OAKLAND, Calif. (AP) — On a team filled with big-name stars led by Peyton Manning, little-used running back C.J. Anderson made the play that turned the tide in favor of the Denver Broncos.
That made for quite a nice homecoming for Denver’s second-year back.
Anderson gave the Broncos the lead for good by breaking at least three tackles on a 51-yard catch-and-run and Manning threw touchdown passes on the next four drives to give Denver a 41-17 victory over the Oakland Raiders on Sunday.
“Just a truly incredible effort play on his part to take a potentially catch for a loss and turn it into a 50-something-yard touchdown,” Manning said. “That really gave us a spark.”
It was part of a huge day for Anderson, who grew up in nearby Vallejo and played college ball at California. Anderson came into the game with just 116 yards from scrimmage but had 73 receiving and 90 rushing to help the Broncos (7-2) send the Raiders (0-9) to their 15th straight loss.
“I love playing at home,” Anderson said. “I love road games and then I love playing at home, so it’s like have my ice cream and my cake at the same time. I feel good about that.”
There was almost nothing positive from the Raiders in their first blowout loss since interim coach Tony Sparano replaced the fired Dennis Allen after four games.
Derek Carr threw for 192 yards on 47 attempts, most of the production coming on a meaningless touchdown drive in the closing minutes. He also had two interceptions. The running game was limited to 30 yards on 15 carries and the defense was completely overmatched after a spirited start.
“They’re looking for the gold at the end of the rainbow and it hasn’t been there,” Sparano said. “We have to stay the course and believe in the things that we’re doing and we’re getting better as a football team. I know this is not an indicator of that.”

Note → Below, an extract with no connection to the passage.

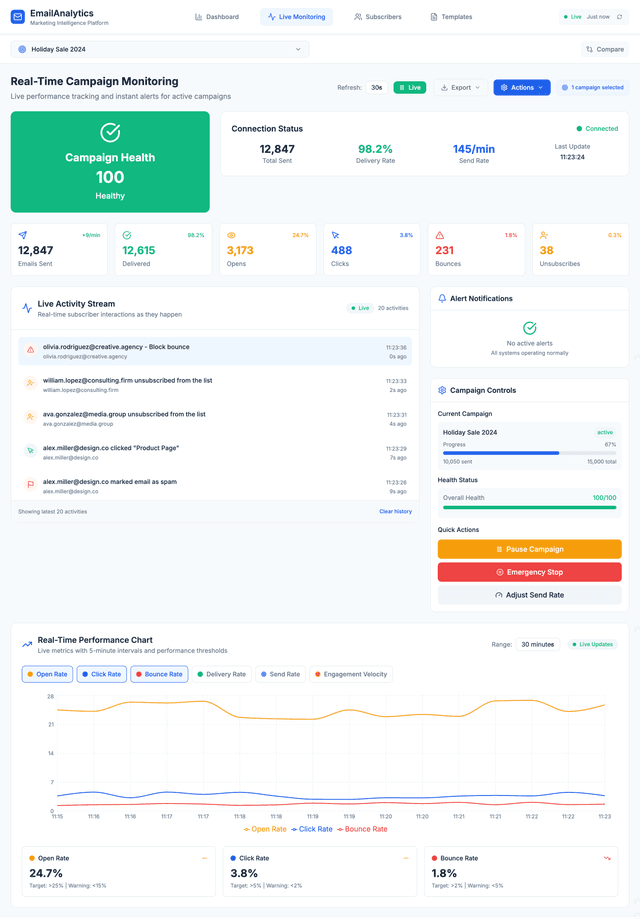 This email marketing dashboard provides a complete overview for managing your campaigns and growing your audience. Easily track key performance metrics like total revenue, subscriber growth, and campaign engagement rates. The platform helps you analyze results, monitor recent activity, and gain valuable insights to optimize your strategy.

Here are some other takeaways from the game:
GAME-CHANGING PLAY: Anderson’s big play happened on a third-and-8 late in the first half with the Raiders on top 10-6. He caught the short pass and immediately broke a tackle from Miles Burris. He ran down the sideline, breaking tackles by Khalil Mack and Charles Woodson before weaving through the defense for the touchdown.
“He makes a heck of an individual effort,” teammate Wes Welker said. “It was kind of the spark that we needed to get going.”
BLOOPER REEL: The game — and season — could be summed up in one play for Oakland early in the third quarter. Carr was under pressure when he dumped off a pass to offensive lineman Khalif Barnes. Barnes looked shocked when he caught the ball, but ran with it despite an ineligible receiver. Malik Jackson knocked the ball loose and Chris Harris Jr. recovered at the 18. Carr said he expected running back Darren McFadden to be in that spot so he threw the ball without looking.
“Obviously, where we’re at right now, it just looks ugly, but it’s just one of those things that happens,” Carr said.
TURNAROUND: Manning got off to a shaky start, throwing two early interceptions and having two drives stall in the red zone for field goals instead of touchdowns. It ended with a typically strong performance as he threw for 340 yards and five touchdowns. That extended Manning’s record to 15 straight games with at least two TD passes and he has thrown one in 48 in a row, moving past Johnny Unitas for third place all-time.
“Certainly I have a great appreciation for the history of the game and those type of things, but I thought the most important thing was to get a win today,” Manning said.
SHORT STUFF: James Jones led the Raiders with eight catches — although it might have been the least productive eight-catch day ever for a receiver. After gaining 10 yards on his first catch, Jones was limited to 10 more on his final seven receptions. The 20 yards receiving were the fewest ever by a wide receiver with at least eight catches.
TOUCHDOWN THOMAS: Julius Thomas’ two touchdowns have him 12 already this season. That ties Randy Moss, Terrell Owens, Frank Clarke and Bill Groman for the most ever after nine games. Thomas also became the first tight end with at least 12 TD catches in consecutive seasons.